Затем он выпрямился и посмотрел на маму. В этот момент его аура стала абсолютно нейтральной, как у судьи, зачитывающего приговор. «Так, мамочка, без паники. Похоже на классику жанра. Подозрение на острый аппендицит. Собирайтесь, нужна срочная госпитализация, в больнице разберутся». Эти слова, произнесенные будничным, лишенным всяких эмоций тоном, прозвучали как гром среди ясного неба. Госпитализация. Больница. Операция? Вчерашний мир, полный планов на новые куртки и кроссовки, рухнул в одночасье, погребая меня под своими обломками. Мамина аура вспыхнула таким концентрированным ужасом, что, казалось, сама комната потемнела.

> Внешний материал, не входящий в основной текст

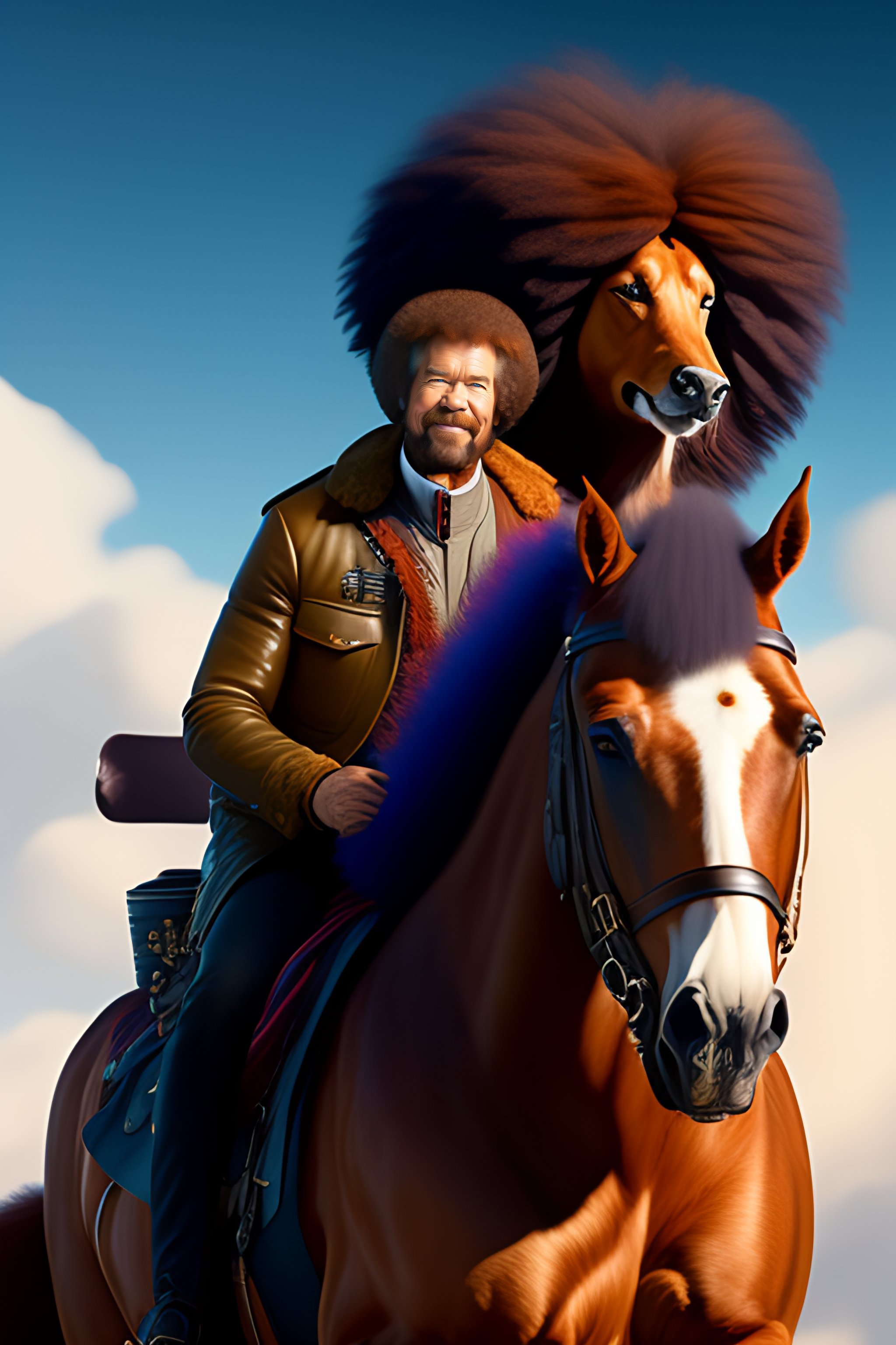 Bob ross!!! riding!!! a gryphon!!, giant afro!, model pose, ultra realistic, concept art, intricate details, highly detailed, photorealistic, octane render, 8 k, unreal engine. art by artgerm and greg rutkowski and alphonse mucha

Поездка в машине скорой помощи – это то, что никому не пожелаешь. Пронзительный вой сирены, от которого закладывает уши. Резкие толчки на каждой кочке, отзывающиеся стоном Димки, которого везли на носилках. И запах. Смесь медикаментов, антисептика и чужого страдания, которая, казалось, въедается под кожу. Я сидел на жесткой лавке рядом с мамой. Она не рыдала, а просто тихо плакала, глядя в одну точку. Слезы текли по ее щекам, а ее аура была похожа на грозовую тучу, из которой выкачали весь воздух – плотная, тяжелая, темно-серая масса горя и страха. Я держал ее за руку, но не чувствовал, что это приносит ей хоть какое-то облегчение. Мое прикосновение было бесполезным.

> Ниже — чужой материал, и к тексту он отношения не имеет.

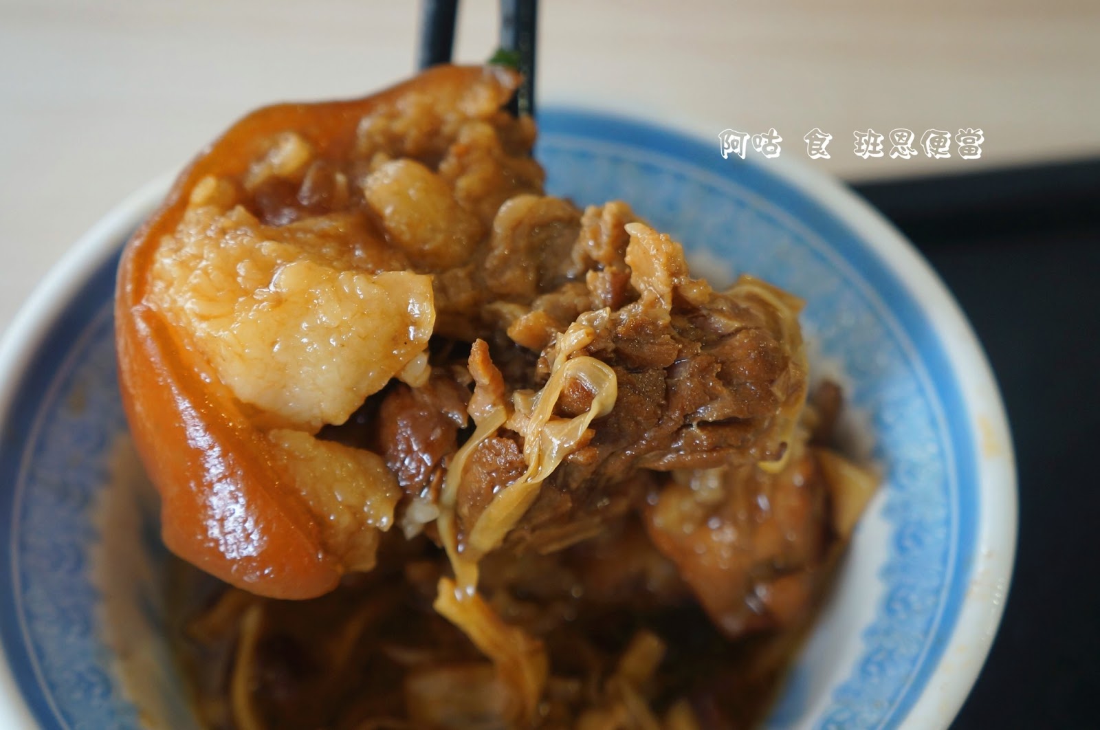油亮爌肉中間以竹籤固定,肥瘦比例各半,既能享受肥肉的軟滑 Q彈,又能品嘗瘦肉的紮實口感,而且滷得十分入味,香氣撲鼻,滋味鹹中帶甜,非常下飯。

Я смотрел на Димку. Он лежал под тонким одеялом, бледный, с полузакрытыми глазами. Его болезненная аура стала еще более концентрированной, багровые иголки боли вспыхивали в ней все чаще. И где-то в глубине моего сознания, под слоем страха за брата и сочувствия к маме, начала прорастать страшная, уродливая мысль. Она была слабой, я пытался ее отогнать, но она, как сорняк, пробивалась снова и снова. Премия. Приступ. Радость. Боль. Золотое сияние маминой ауры вчера и эта жуткая, болезненная мешанина в ауре Димки сегодня.

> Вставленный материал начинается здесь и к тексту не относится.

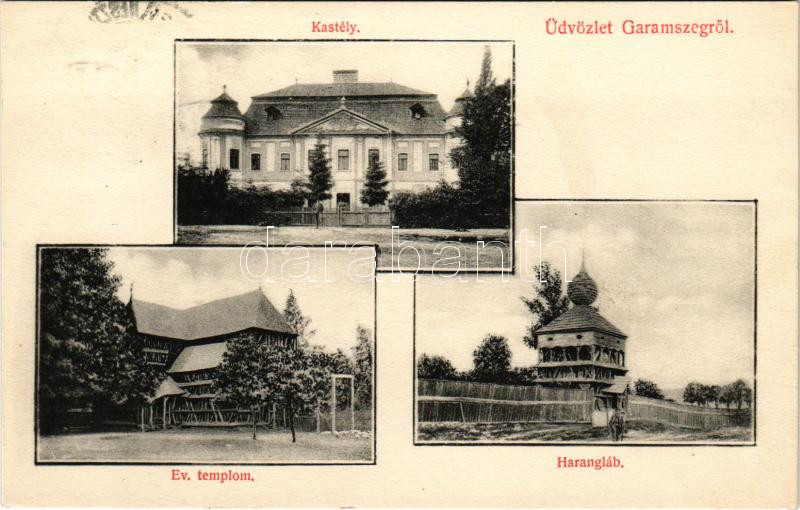1908 Garamszeg, Garansek, Hronsek (Besztercebánya, Banská Bystrica); Soós-Géczy kastély, Evangélikus fatemplom, harangláb. Paulinyi Dániel kiadása / castle, Lutheran wooden church, belfry

Сначала это казалось бредом. Простое совпадение. Так бывает. Люди получают премии, а дети болеют. Одно не связано с другим. Но чем дольше я об этом думал, тем сильнее становилась эта мысль. Она росла, крепла и, наконец, зазвучала в моей голове набатом, заглушая вой сирены и плач мамы. «Совпадение? Не думаю». Я вспомнил свое чувство всемогущества, свою гордость. Я, дирижер судеб. Я, тайный благодетель. А что, если я не дирижер, а просто идиот, который дернул не за тот рычаг? Что, если, «заливая» мамину ауру золотом, я откуда-то это золото взял? Что, если я не создал его из ничего, а просто… перераспределил? Отнял у одного, чтобы отдать другому? Отнял у Димки его здоровье, чтобы оплатить мамину радость? От этой мысли у меня похолодело все внутри.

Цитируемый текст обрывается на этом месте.